У того, что я, по большей части, предоставлена сама себе, масса преимуществ. Я спокойно могу передвигаться от дома до школы и обратно, да и, в принципе, куда хочу под предлогом, например, хозяйственных поручений. Продавец в бакалейной лавке давно ко мне привык и толком не спрашивает, что мне нужно, прекрасно осведомленный о наших с мамой предпочтениях, как и другие, к кому мне приходилось ходить с каким-нибудь поручением. Деловитую рыжую девчонку в окрестностях хорошо знают все.

Но прежде я никогда не была так далеко от дома. Весь мой мир так или иначе был собран в одной точке. Так что неудивительно, что, проделав долгий путь в общественном транспорте, я чуть не прозевала свою остановку, засмотревшись на красивые особняки в респектабельном пригороде. Утопающие в густой, позолоченной осенью растительности, они производили впечатление настоящих сказочных дворцов. А люди! Я просто не могла не пялиться на них, красивых, разряженных, статных, не то что простые работяги в нашем промышленном районе.

Я приезжала туда не единожды, но так и не осмелилась войти в дом. Подобное вторжение было бы слишком грубым. Я боялась, что меня вышвырнут оттуда за шкирку, как какую-то нищенку, или, чего доброго, отведут в полицию или позвонят маме. Моя операция была крайне секретной. Для начала я просто наблюдала.

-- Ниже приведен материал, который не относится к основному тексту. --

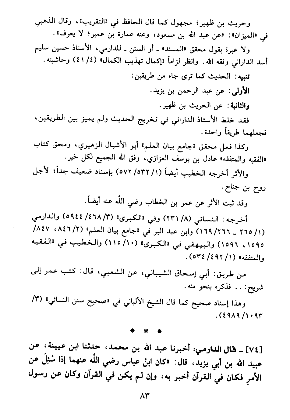 وكذا فعل محقق "جامع بيان العلم" أبو الأشبال الزهيري، ومحقق كتاب "الفقيه والمتفقه" عادل بن يوسف العزازي، وفق الله الجميع لكل خير.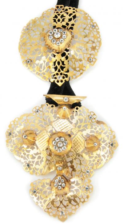 Normally the black spots in the middle of the rhinestones indicate that the culet (point) of the stones have been cut, indicating that the stones are old. I have recently discovered however that on some antique regional jewels the black spots have actually been painted on the points of the stones. These jewels were certainly made between 1870 and 1900 for the tourists who eagerly sought regional jewels, and especially the older ones.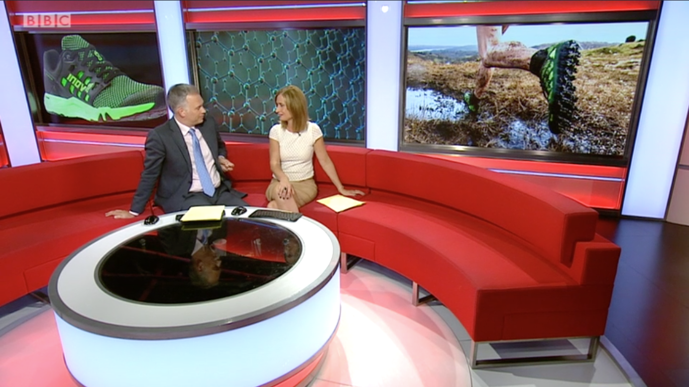 Working closely with experts at the University of Manchester, Inov8 are the first company to use Graphene in a sports shoe – the soles of the shoes are Graphene infused for increased durability, and there was a fair bit of (well deserved) hype surrounding the launch. So much so that the BBC got involved and a feature popped up on the evening news with one of my images appearing behind the presenters. A proud moment indeed!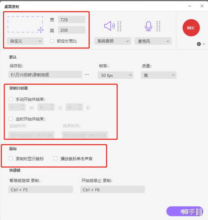 打开万兴优转软件,你可以看到屏幕录制功能键,点开后出现桌面录制的设置界面,比如你可以自定义录制桌面尺寸、比如你可以选择手动开始并结束、定时开始并结束二种形式,还可以对鼠标进行设置:录制时是否出现鼠标,点击鼠标是否有声音等功能,真的是非常方便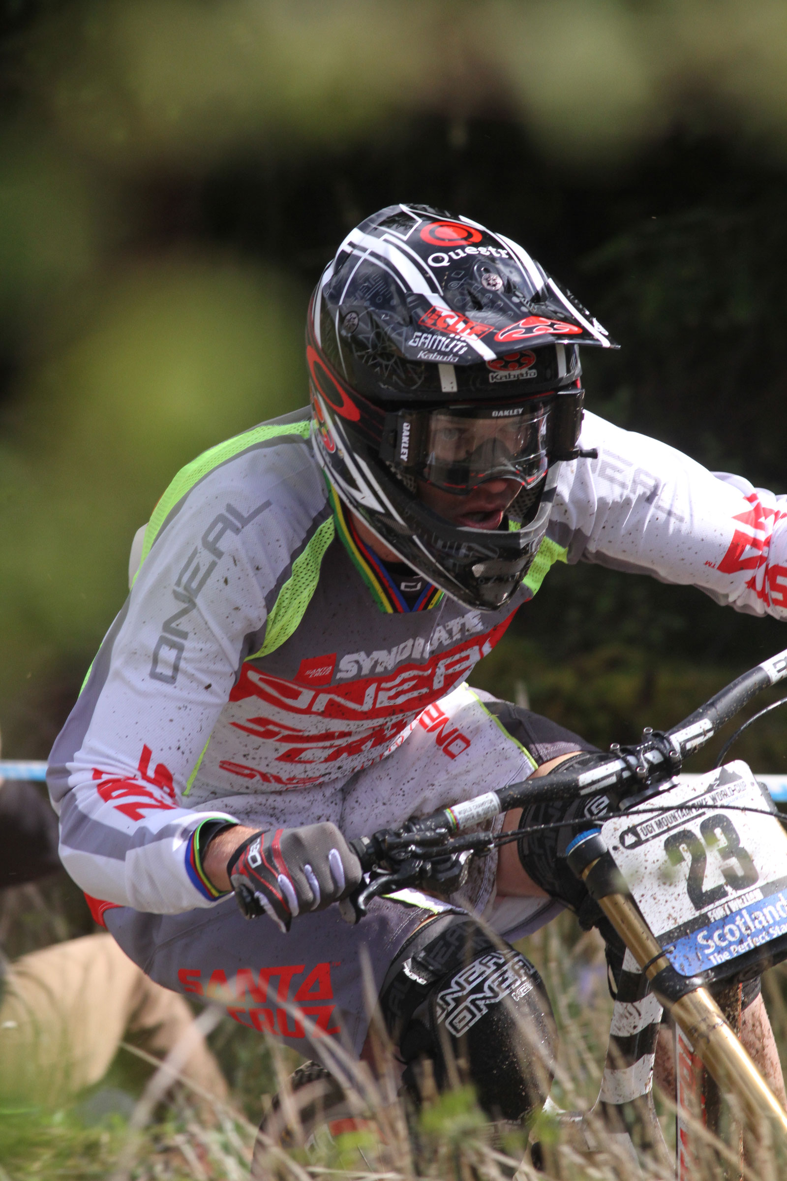 Greg Minnaar today equalled Steve Peat’s win of 17 World Cup wins – with five of those being at Fort William. Minnaar managed to put a second into Aaron Gwin who was looking unstoppable with a lead of four seconds over his nearest rival, but Minnaar put years of racing at Fort William to good use as he navigated the muddy and cut-up course that had changed dramatically over the week, thanks to days of heavy rain.

Но отец, если мама не ошиблась с адресом, и это был действительно он, практически не расхаживал по улице, как другие жители района. Потому не было возможности подкараулить его утром, но вечером, когда я нервно поглядывала на старенькие наручные часики, чтобы не пропустить момент возвращения домой до прихода мамы, сразу же выходил из машины и спешил к крыльцу своего особняка.

Однако в моей ясной голове тут же созрел альтернативный план действий. Если я не могу поговорить с отцом, я попробую подобраться к его супруге, той самой женщине, из-за которой мы и вели такую печальную жизнь. Она куда чаще показывалась рядом с домом и, как я успела заметить, периодически отправлялась в неизвестном направлении в гордом одиночестве.

Я должна была ее ненавидеть, ведь это она отняла у мамы ее любовь, ее семью и ее будущее. Красивая, но холодная, словно средневековая королева, она всегда несла себя с особой статью, отчего мое детское воображение тут же наделило ее чертами злой колдуньи из сказки, с помощью магии очаровавшей бедного принца. Но во мне не было ненависти. Я верила, что ее сердце вовсе не так жестоко, как бывает во всех этих легендах, и она способна на щедрость и сострадание.

Она сможет все исправить. Не все, но хоть что-то. Мы с мамой вовсе не претендовали на то, что принадлежит ей, каким бы путем она этого ни добилась. Нам не нужен был ее муж, ее красивый дом и благополучная жизнь. Просто жизнь – прежняя, где были мы с мамой, только мы вдвоем.

К тому же, как заключила я, эта женщина весьма религиозна. Проследив за ней, я вычислила, куда она ездит в одиночестве, – в величественный собор Святого Таинства на Вудверд авеню. Независимо от того, служилась ли там месса или нет, супруга отца приходила туда, садилась поодаль ото всех остальных прихожан и часами сидела, низко опустив голову. Корона из темных, блестящих волос скрывала ее лицо, отчего становилось невозможным разобрать, молиться она или просто погружается глубоко в себя, отрешившись от всего остального мира.

И я подумала, что это место – самое подходящее, чтобы попросить о помощи. Если она ревностная католичка и следует христианским заповедям, то не посмеет отказать мне в доме своего Бога. Мы-то с мамой были предельно далеки от религии, но изредка, по праздникам, посещали методистскую церковь недалеко от дома, куда ходили некоторые наши соседи и знакомые.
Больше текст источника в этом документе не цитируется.